Baseline characteristics are expressed as mean±standard deviation (SD) and categorical variables are expressed as number (percentage). The baseline characteristics between different groups were analyzed using Student’s t-test or chi-square test. The X-tile software was conducted to evaluate the optimal cut-off GLR.

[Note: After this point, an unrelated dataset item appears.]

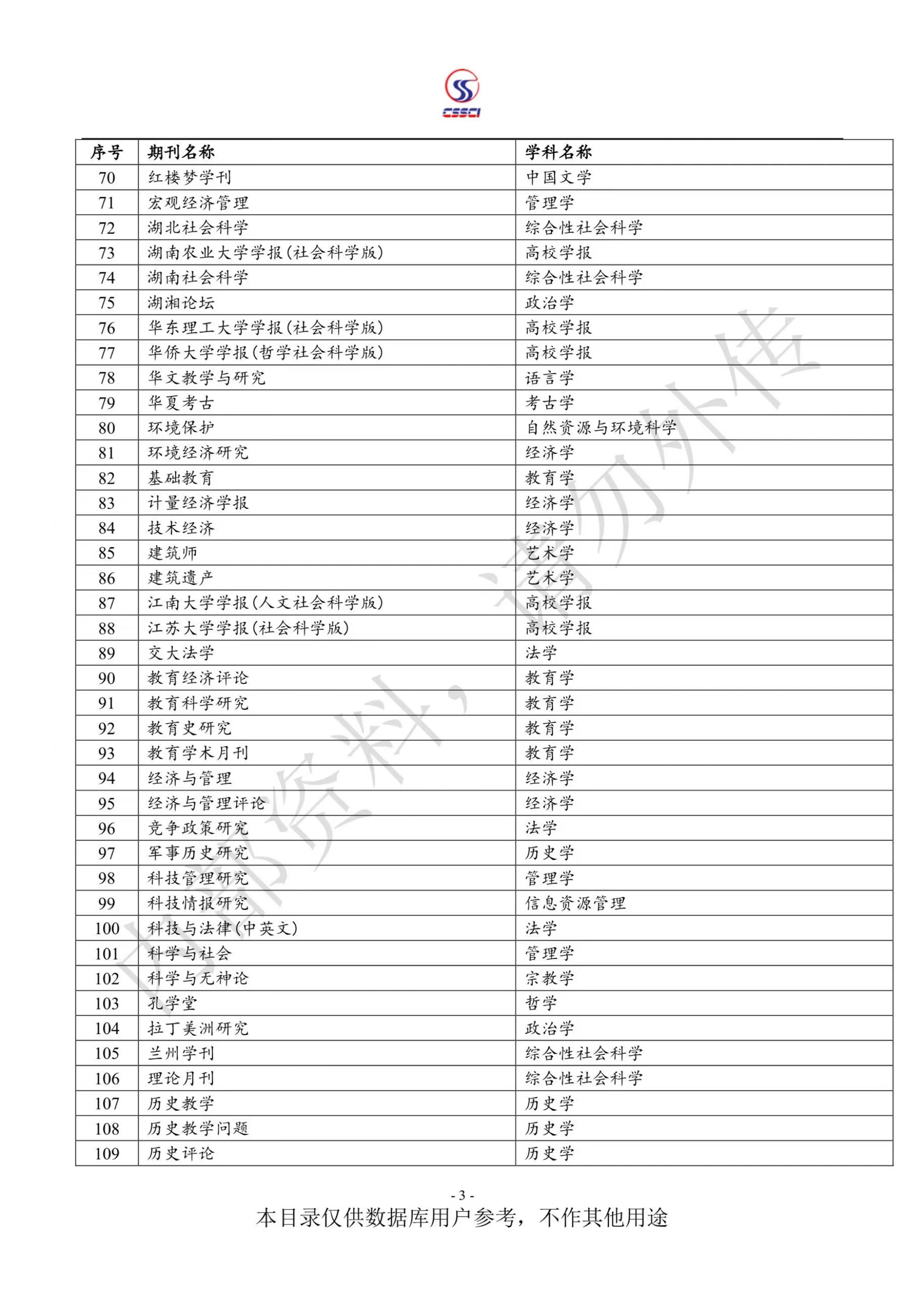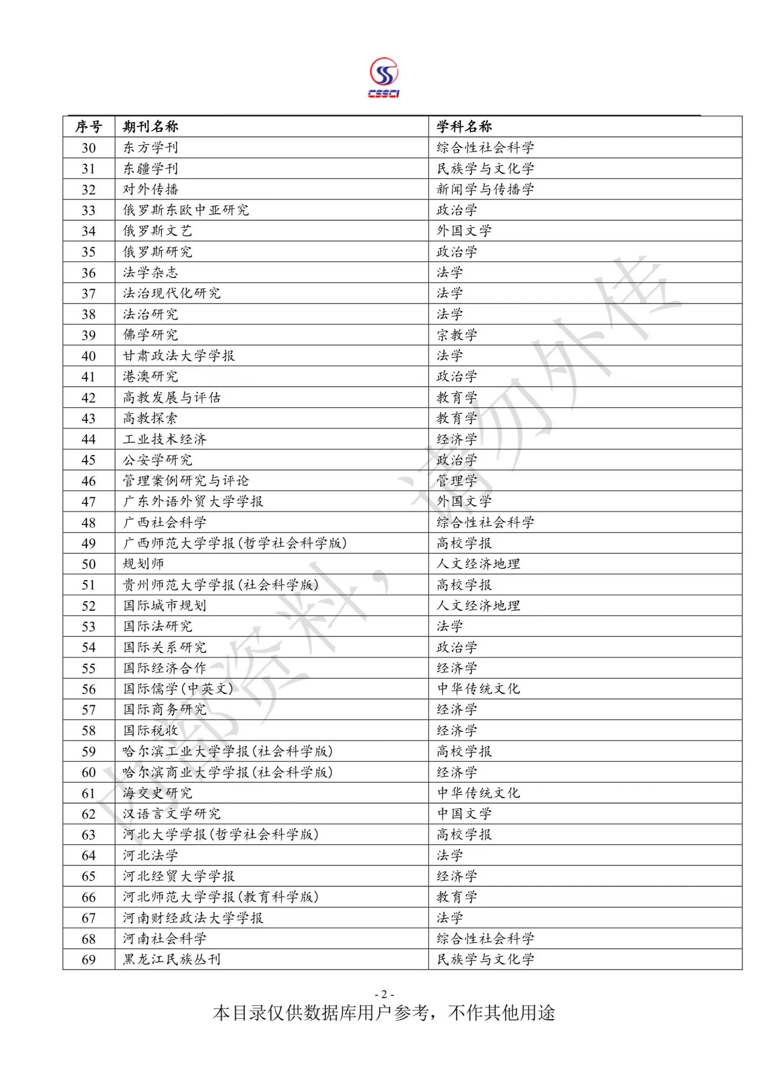 中文社会科学引文索引(CSSCI)来源期刊扩展版目录(2023-2024)

Univariate and multivariate Cox regression were conducted to determine the significant variables predictive of in-hospital mortality. The Kaplan-Meier analysis was used to estimate overall survival, and the differences between the curves were compared using the Log rank test. Subgroup analysis was exhibited by the Forest plot. We compared the predictive abilities between GLR and other systemic inflammatory biomarkers by conducting the receiver operating characteristic (ROC) curve analysis. We then used the C-index to assess the nomogram performance for predicting in-hospital mortality in critically ill patients with AP. All analyses were conducted using R software (version 4.1.0) and SPSS Statistics (version 22.0). P<0.05 was considered statistically significant.

Results

Patient Characteristics and Clinical Features

This study included 1,133 critically ill patients with AP from the MIMIC-IV database who were randomly divided into the training cohort (n=806) and the validation cohort (n=327) in a ratio of 7:3. The detailed process of selection is shown in Figure 1. Table 1 shows the baseline parameters in the training and validation groups. All parameters in Table 1 showno significant differences between the two groups.

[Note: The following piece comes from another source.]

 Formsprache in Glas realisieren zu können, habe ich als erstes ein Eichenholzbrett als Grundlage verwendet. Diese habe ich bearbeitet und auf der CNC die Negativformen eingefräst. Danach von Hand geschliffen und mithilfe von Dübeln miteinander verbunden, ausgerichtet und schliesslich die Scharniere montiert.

Table 1 Baseline Characteristics

Figure 1 The flow chart of the included population.

Comparison between GLR and Other Systemic Inflammatory Biomarkers

Previous studies focused on the development of rapid systemic inflammatory biomarkers based on accessible laboratory tests for reliable prognosis prediction of AP patients, including RDW,9 NLR,9 PLR,10 and LMR.11 These systemic inflammatory biomarkers were all reported to be linked with AP severity and poor prognosis. As a novel systemic inflammatory biomarker of GLR, we tried to compare the predictive abilities between NLR, PLR, LMR, and GLR by conducting the ROC curve analysis. When predicting the in-hospital mortality for critically ill patients with AP, the AUC of GLR, NLR, PLR, and LMR were 0.779 (0.749–0.807), 0.654 (0.623–0.683), 0.636 (0.602–0.670), and 0.569 (0.602–0.670), respectively, the AUC of GLR was larger when compared with the AUC of NLR, PLR and LMR (P<0.001, respectively, Table 2). The sensitivity of GLR, NLR, PLR, and LMR were 0.89, 0.72, 0.69, and 0.45, respectively, while the specificity of GLR, NLR, PLR, and LMR were 0.63, 0.61, 0.56, and 0.72, respectively. Consequently, these data showthat the novel systemic inflammatory response biomarker of GLR was superior to other systemic inflammatory response biomarkers (NLR, PLR, and LMR) when predicting the in-hospital mortality for critically ill patients with AP. Moreover, we then compared the predictive role of GLR with glucose or lymphocyte by performing ROC analysis. As shown in Table 3, GLR exhibited a better predictive role when compared to glucose or lymphocyte both in the training cohort and the validation cohort in predicting in-hospital mortality for critically ill patients with AP.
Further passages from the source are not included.